## Task
Would you reproduce all of the entries exactly?
[Data under study — start]
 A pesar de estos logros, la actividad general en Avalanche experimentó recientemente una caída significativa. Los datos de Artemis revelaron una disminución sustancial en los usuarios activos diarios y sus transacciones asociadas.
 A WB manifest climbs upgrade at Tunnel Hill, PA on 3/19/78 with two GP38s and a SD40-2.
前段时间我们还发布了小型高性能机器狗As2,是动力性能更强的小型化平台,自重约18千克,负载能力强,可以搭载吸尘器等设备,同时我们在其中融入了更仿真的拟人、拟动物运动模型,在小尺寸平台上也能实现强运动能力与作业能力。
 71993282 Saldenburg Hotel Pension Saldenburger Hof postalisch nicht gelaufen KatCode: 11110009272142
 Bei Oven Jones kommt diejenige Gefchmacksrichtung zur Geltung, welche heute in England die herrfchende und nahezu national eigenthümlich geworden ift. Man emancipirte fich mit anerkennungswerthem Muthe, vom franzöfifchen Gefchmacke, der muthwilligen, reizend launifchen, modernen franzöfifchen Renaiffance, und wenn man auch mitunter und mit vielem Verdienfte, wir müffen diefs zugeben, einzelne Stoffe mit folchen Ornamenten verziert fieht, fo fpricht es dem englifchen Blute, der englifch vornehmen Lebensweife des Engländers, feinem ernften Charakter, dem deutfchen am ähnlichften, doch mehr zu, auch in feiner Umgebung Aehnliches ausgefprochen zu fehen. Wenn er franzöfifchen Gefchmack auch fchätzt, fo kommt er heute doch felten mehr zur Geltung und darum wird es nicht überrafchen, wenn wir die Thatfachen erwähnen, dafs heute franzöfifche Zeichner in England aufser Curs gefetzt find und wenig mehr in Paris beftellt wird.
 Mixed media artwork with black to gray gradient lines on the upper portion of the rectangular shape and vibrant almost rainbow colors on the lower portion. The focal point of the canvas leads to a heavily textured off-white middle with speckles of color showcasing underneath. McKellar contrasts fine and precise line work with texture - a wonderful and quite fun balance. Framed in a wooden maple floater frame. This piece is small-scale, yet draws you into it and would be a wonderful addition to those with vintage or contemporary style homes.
[Data under study — finish]
## Written answer
 A pesar de estos logros, la actividad general en Avalanche experimentó recientemente una caída significativa. Los datos de Artemis revelaron una disminución sustancial en los usuarios activos diarios y sus transacciones asociadas.
 A WB manifest climbs upgrade at Tunnel Hill, PA on 3/19/78 with two GP38s and a SD40-2.
前段时间我们还发布了小型高性能机器狗As2,是动力性能更强的小型化平台,自重约18千克,负载能力强,可以搭载吸尘器等设备,同时我们在其中融入了更仿真的拟人、拟动物运动模型,在小尺寸平台上也能实现强运动能力与作业能力。
 71993282 Saldenburg Hotel Pension Saldenburger Hof postalisch nicht gelaufen KatCode: 11110009272142
 Bei Oven Jones kommt diejenige Gefchmacksrichtung zur Geltung, welche heute in England die herrfchende und nahezu national eigenthümlich geworden ift. Man emancipirte fich mit anerkennungswerthem Muthe, vom franzöfifchen Gefchmacke, der muthwilligen, reizend launifchen, modernen franzöfifchen Renaiffance, und wenn man auch mitunter und mit vielem Verdienfte, wir müffen diefs zugeben, einzelne Stoffe mit folchen Ornamenten verziert fieht, fo fpricht es dem englifchen Blute, der englifch vornehmen Lebensweife des Engländers, feinem ernften Charakter, dem deutfchen am ähnlichften, doch mehr zu, auch in feiner Umgebung Aehnliches ausgefprochen zu fehen. Wenn er franzöfifchen Gefchmack auch fchätzt, fo kommt er heute doch felten mehr zur Geltung und darum wird es nicht überrafchen, wenn wir die Thatfachen erwähnen, dafs heute franzöfifche Zeichner in England aufser Curs gefetzt find und wenig mehr in Paris beftellt wird.
 Mixed media artwork with black to gray gradient lines on the upper portion of the rectangular shape and vibrant almost rainbow colors on the lower portion. The focal point of the canvas leads to a heavily textured off-white middle with speckles of color showcasing underneath. McKellar contrasts fine and precise line work with texture - a wonderful and quite fun balance. Framed in a wooden maple floater frame. This piece is small-scale, yet draws you into it and would be a wonderful addition to those with vintage or contemporary style homes.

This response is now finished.